テーブルで繰り広げられる「伝承館は行ったほうがいい。涙が止まらなかった」「復興に向けて行動している人の話は、聞いていて明るい気持ちになった」「また訪れて、5年後はどうなっているのかを見たい」などの熱意あるやりとりに感銘を受けていました。

座談会の最後は、5つのグループが、テーマのまとめを壇上で発表。「福島への偏見の理由はメディアの影響もあるのでは。

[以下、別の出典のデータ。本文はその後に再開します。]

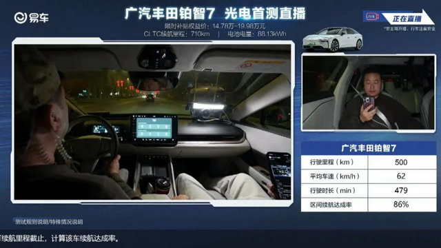 测试用的是铂智7的710 Ultra激光雷达版,全程3人满载带设备,开着24℃的自动空调,路线一路从杭州到连云港,既覆盖了城区日常通勤,也包含了长途出行的高速工况,很贴合用户日常的用车情况了很多车型只能在理想环境下跑出高达成率,而到了满载车况,座舱内部开着空调,天气也不好的日常场景下,续航就容易对半砍。而铂智7能在这种贴近日常的测试条件下,不管是城市通勤还是高速长途,都能把续航达成率和能耗控制在稳定水平,才是真的能看出这辆车有东西铂智7限时权益价14.78万起,全系车型在叠加权益后都在20万以内,还有600km、700km、710km多种续航配置可以选择,真香真靠谱丰田铂智7全网首次直播测试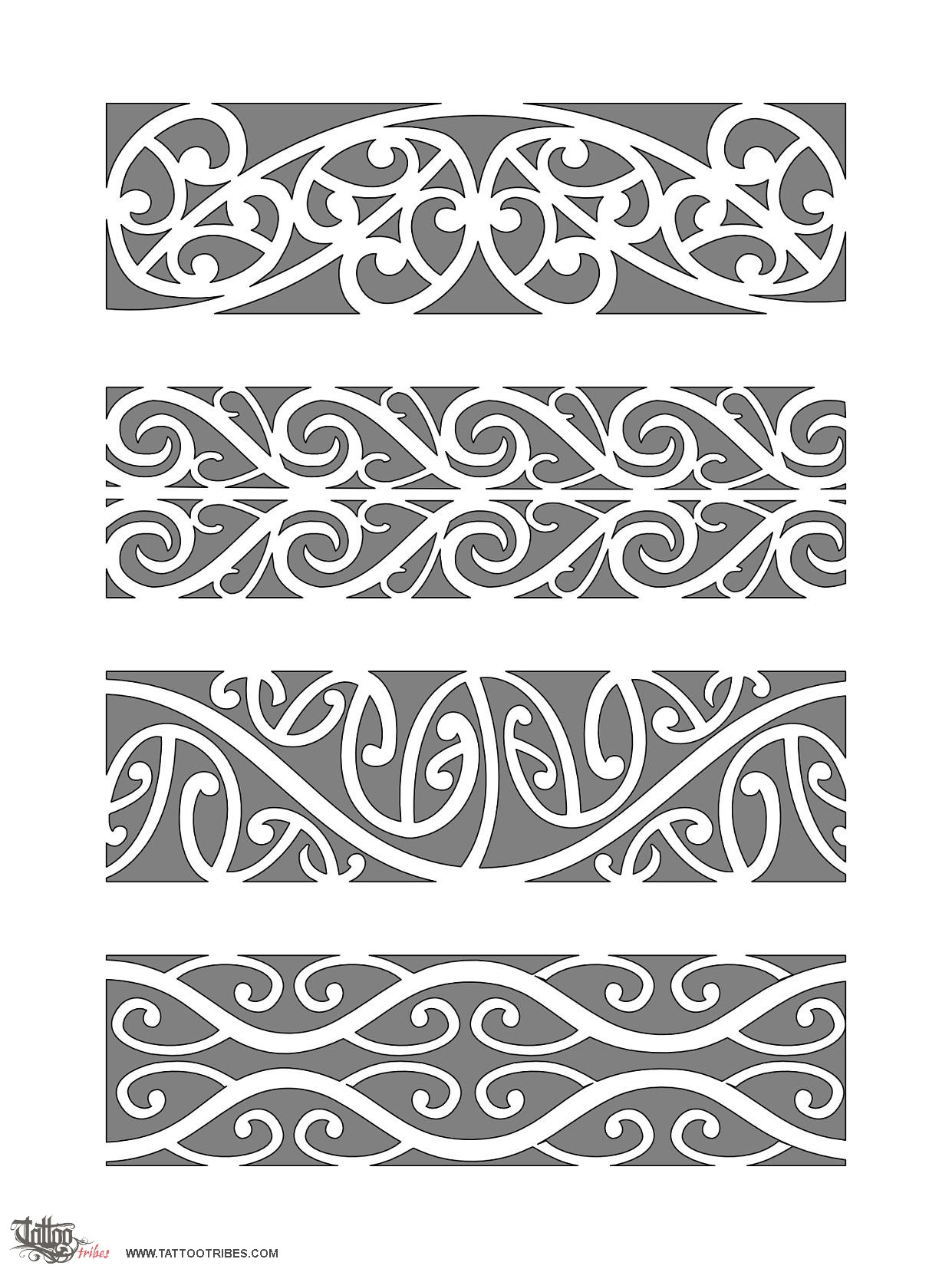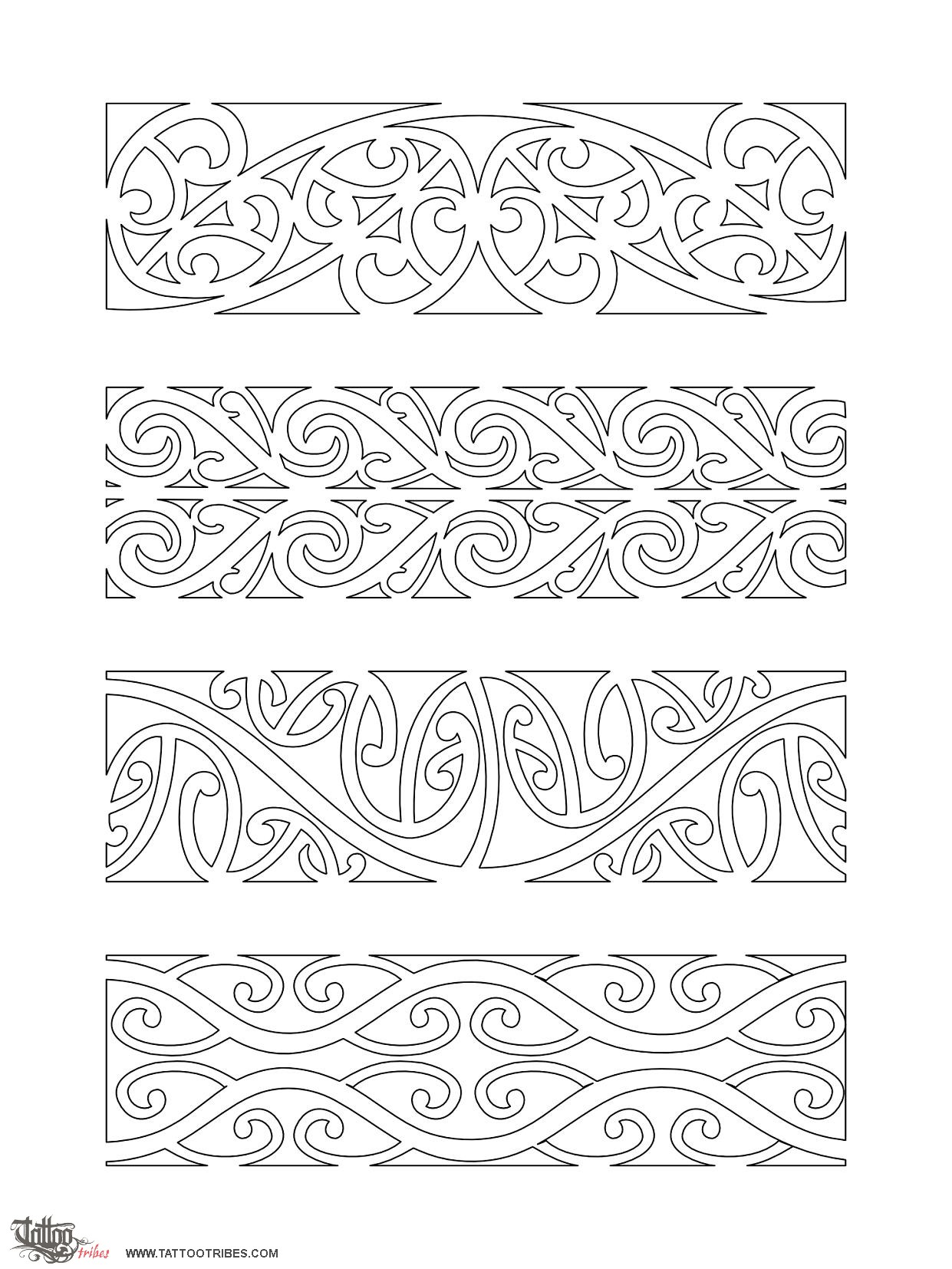 This sheet represents some traditional Maori patterns, which can be used as armbands.

メディアが正しい情報をどれだけ伝えるかが大事」「新しく立ち上がったハイテク企業に驚かされた」「今後は福島のことをVR教育で伝えてはどう?」「福島に修学旅行に行くのがいい」などの思いが次々と語られ、会場は、閉会の時間ぎりぎりまで熱気に満ちていました。

現地で知る福島の今と未来

2泊3日のツアーで福島への理解を深め、さらに、座談会を通して様々な意見をヒアリングできた皆さんは、福島の問題や課題をあらゆる視点から考えられたようです。「参加しなければ、どれだけ大変なことが起きたのかをわからないまま年齢を重ねたはず」と、ツアーに参加したことの意義深さを語る学生さんもいました。

東日本大震災と福島第一原子力発電所の事故から、12年。福島の復興と環境再生は進み続けていきます。今この記事を読んでいるあなたも、これをきっかけに、福島について調べてみてはいかがでしょうか。